MiniMax released MSA (MiniMax Sparse Attention), a sparse attention method built directly on Grouped Query Attention (GQA). It targets one bottleneck: the quadratic cost of softmax attention at long context. The MiniMax research team tested it inside a 109B-parameter Mixture-of-Experts model trained with native multimodal data. They also open-sourced an inference kernel and shipped a production model, MiniMax-M3.
What is MSA (MiniMax Sparse Attention)
MSA (MiniMax Sparse Attention) factors attention into two stages: an Index Branch and a Main Branch. The Index Branch decides which key-value blocks each query should read. The Main Branch then runs exact softmax attention over only those blocks.
Selection happens at block granularity, not per token. The default block size is Bk = 128 tokens. Each query and GQA group keeps k = 16 blocks. That fixes the per-query budget at kBk = 2,048 key-value tokens.
The two cost structures differ. Dense GQA attention scales per query as O(N), the full context. MSA scales as O(kBk), which stays fixed as N grows. The compute gap therefore widens as context length increases.
Selection is shared inside each GQA group but independent across groups. One key-value head serves several query heads, and they share one block set. Different groups can attend to different long-range regions.
How the Two Branches Work
The Index Branch adds only two projection matrices to a standard GQA layer. It defines one index query head per GQA group and one shared index key head. It scores visible key tokens, then max-pools those scores to the block level.
A Top-k operator then selects the highest-scoring blocks per query and group. The local block containing the query is always included. This prevents the selector from dropping the query’s immediate neighborhood.
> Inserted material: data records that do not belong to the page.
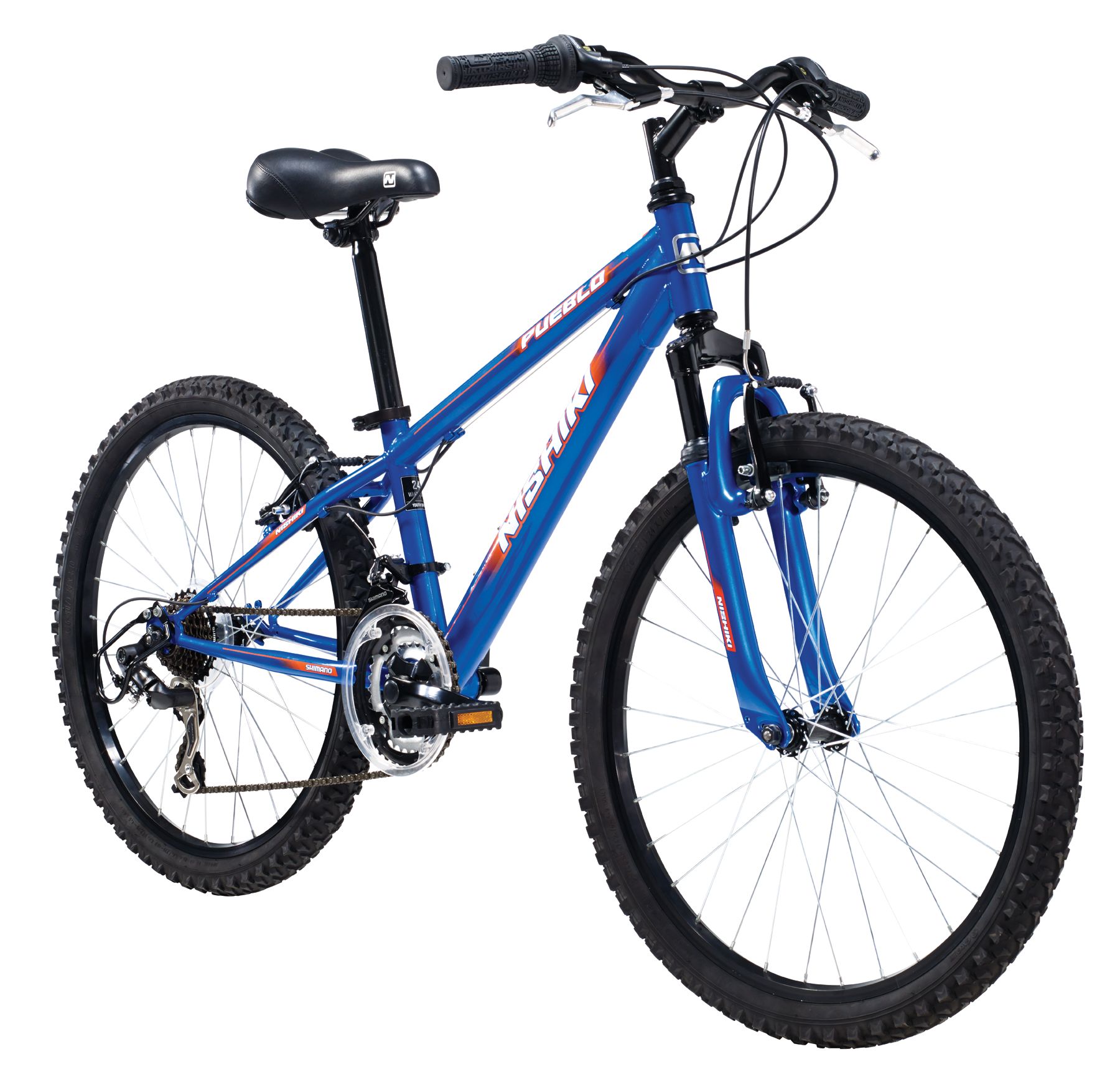 The Nishiki® Boys’ Pueblo 24 in. Mountain Bike will spark his sense of adventure and outdoor fun. It features a strong steel frame with front suspension to absorb bumps from uneven terrain, easy-to-use linear pull brakes for quick and confident stops, and a sport saddle for comfort. The Shimano Revo twist shifter allows him to get in the right gear every time.
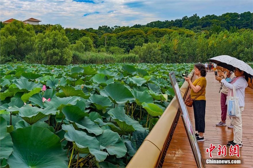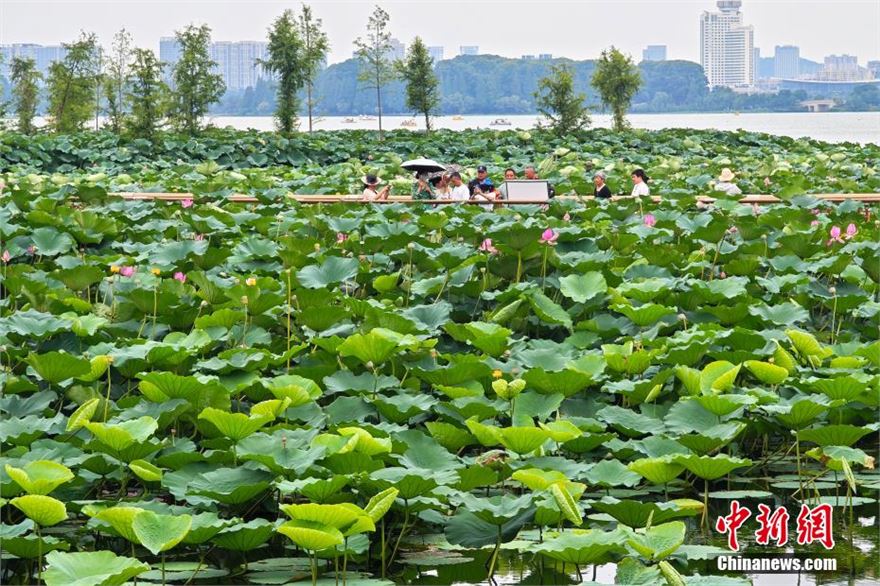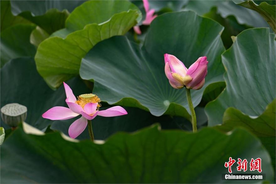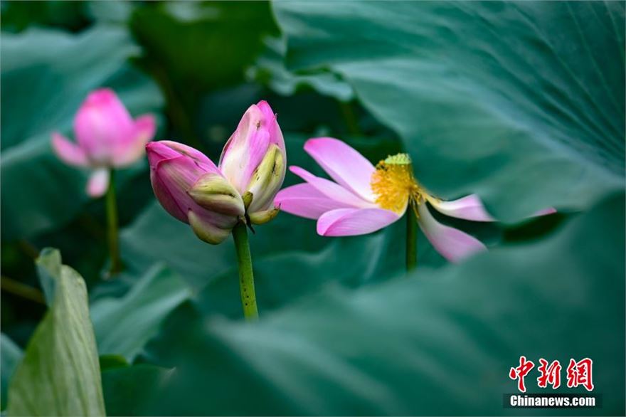 7月9日,江苏南京,玄武湖一株并蒂莲含苞待放。并蒂莲属荷花中的千瓣莲类,即一枝荷花双萼并蒂,是植物种类中难得一见的“双胞胎”,以其独特的造型和美好的寓意受到民众喜爱。
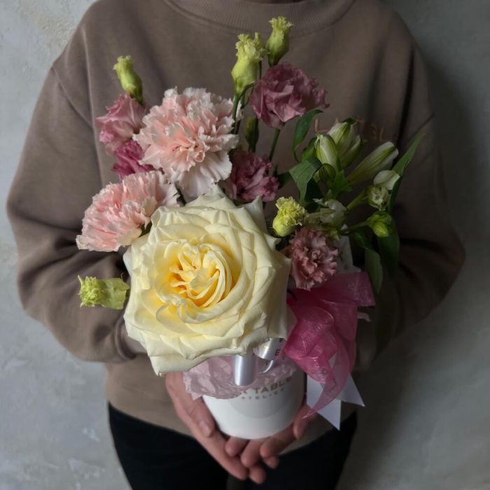 Альстромерия – 1 шт.Лизиантус – 1 шт.Гвоздика – 2 шт.Коробка шляпная – 1 шт.Пионовидная роза – 1 шт.Оазис – 1 шт.

The Main Branch gathers causally visible tokens from the selected blocks. It applies scaled dot-product softmax attention restricted to those tokens. Each query head keeps its own query projection but shares the group’s block set.
A visualization in the report shows what the learned indexer selects. Heads concentrate on the local diagonal and the first block. They reserve the rest of the budget for a few long-range stripes.
https://arxiv.org/pdf/2606.13392v1
https://arxiv.org/pdf/2606.13392v1
How MSA is Trained
Top-k selection is non-differentiable, so the language-modeling loss cannot train the index projections. MSA solves this with a KL alignment loss. The loss matches the Index Branch distribution to the Main Branch attention pattern. The teacher is the group-averaged Main Branch distribution over the selected tokens.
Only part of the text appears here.